Frontier Lanes has new management, new nameby jmaloni
The Village of Lewiston's bowling alley is about to get an upgrade.
Emery Simon and Harold Hibbard recently purchased Frontier Lanes. They have renamed it the Lewiston Event Center, and plan to make full use of the almost three-acre property.
"I grew up in this town; he grew up in this town. I was here when I was kid. Everybody you talk to had something to say about this bowling alley when they were younger - whether it's the bar or the bowling," Hibbard said.
"But it's been forgotten," Simon added.
He said some people have driven past Frontier Lanes without a thought as to what a happening place it was - and can be once again.
"We want to bring it back to what it was," Simon said, as he pointed to historic pictures on the wall showing a full parking lot.
The first part of the development plan is now under way.
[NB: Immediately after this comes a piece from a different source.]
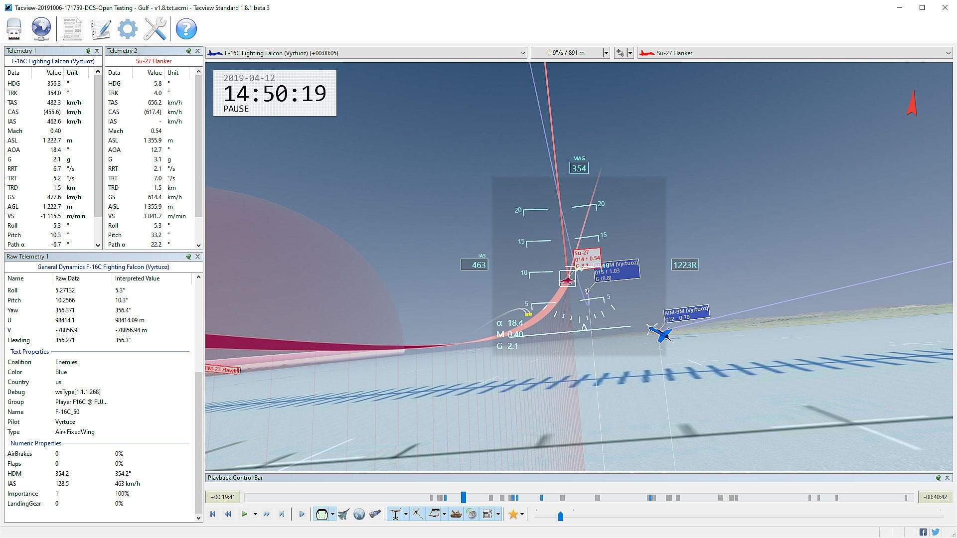 You need more detailed aircraft status reports? Tacview Standard is not limited to basic telemetry: It can support and display any kind of telemetry. Even unknown data can be supported, displayed and analyzed! From the landing gear position to radar locks, you will not miss any information.

Trees and debris have been removed, while more lights have been installed outside.
"We're going to start in certain areas," Hibbard said. "We're going to just start upgrading. And the first area we're going to upgrade is the bar.
"When we first talked, we were going to pull the pool tables out of here. We had no idea there was a pool league that played here Thursday nights. It's a pretty big draw. ... So now we're going to upgrade the bar and make a place for the pool tables."
"We've talked about getting a dart league here," Simon noted. "Get a couple more boards and get a dart league going. We want to make it so it's not just a bowling alley."
Of course, the Lewiston Event Center still will welcome keglers.
"We don't feel like bowling is dead," Hibbard said. "I think there's an opportunity with bowling. I was in Springville bowling yesterday. The places were packed. Bowling is still a pretty popular sport.
"The problem with this place is, I think, that some of the people that came here just moved on. They went to different places. People from Lewiston are driving to Niagara Falls."
"We're saving bowling," Simon said.
For the Simon Construction Co. proprietor, the purchase wasn't about making money.
"For me, it was saving a piece of history for Lewiston," he said. "That's what we did with the Stone House; it's what we did with John Kinney with the 'Bloody Bucket.' We're saving the history of the community."
"We help save buildings," said Christina Crane, manager of new business development for Simon Construction Co.
"Preserve history, preserve the business, preserve jobs," Simon said.
Simon and Hibbard, who opened the Hibbard's Custard restaurant last summer, plan to offer birthday parties for children, holiday parties for adults, corporate events, live music and comfortable seating for televised football games.
"There's something here for every age group," Hibbard said.
Simon and Hibbard plan to retain Frontier Lanes' dozen-plus employees.
"We're fortunate to go into a business that has (good employees)," Simon said.
The Gwin family owned Frontier Lanes for 54 years.
"I think the place is in good hands," Dana Gwin said of the acquisition. He said Simon and Hibbard have "great plans" and he foresees a "positive future" for the bowling alley.
"We will constantly be working to upgrade the place," Simon said.
Frontier Lanes first opened to the public on Sept. 1, 1958.